- WORK TASK: The listing that follows should be copied in full and exactly, with no pictures.

- DATA SECTION:
== Segment start ==
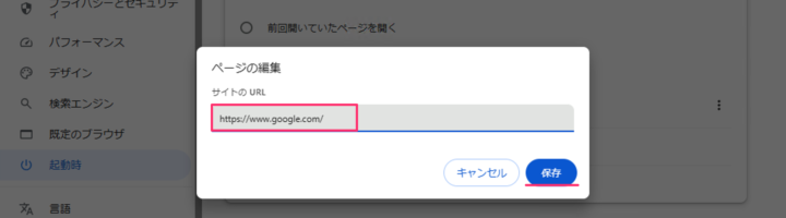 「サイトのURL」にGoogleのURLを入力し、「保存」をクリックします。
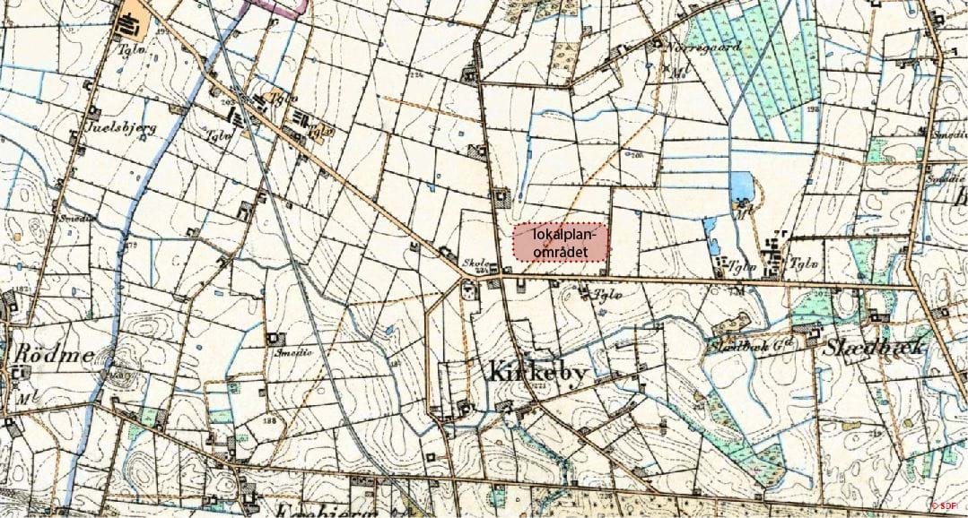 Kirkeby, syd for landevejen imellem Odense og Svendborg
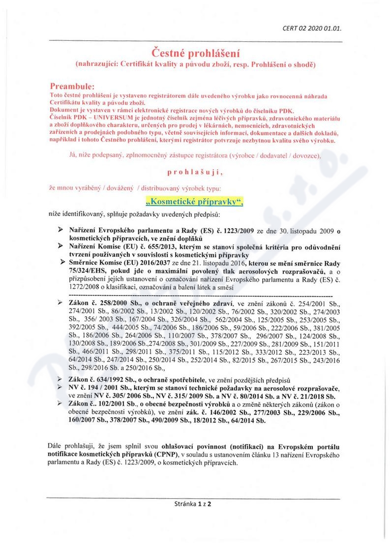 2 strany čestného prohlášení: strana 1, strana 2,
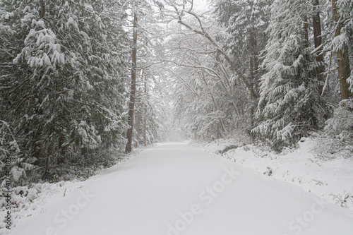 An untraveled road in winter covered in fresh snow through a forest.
== Segment end ==
- WRITTEN SOLUTION:
 「サイトのURL」にGoogleのURLを入力し、「保存」をクリックします。
 Kirkeby, syd for landevejen imellem Odense og Svendborg
 2 strany čestného prohlášení: strana 1, strana 2,
 An untraveled road in winter covered in fresh snow through a forest.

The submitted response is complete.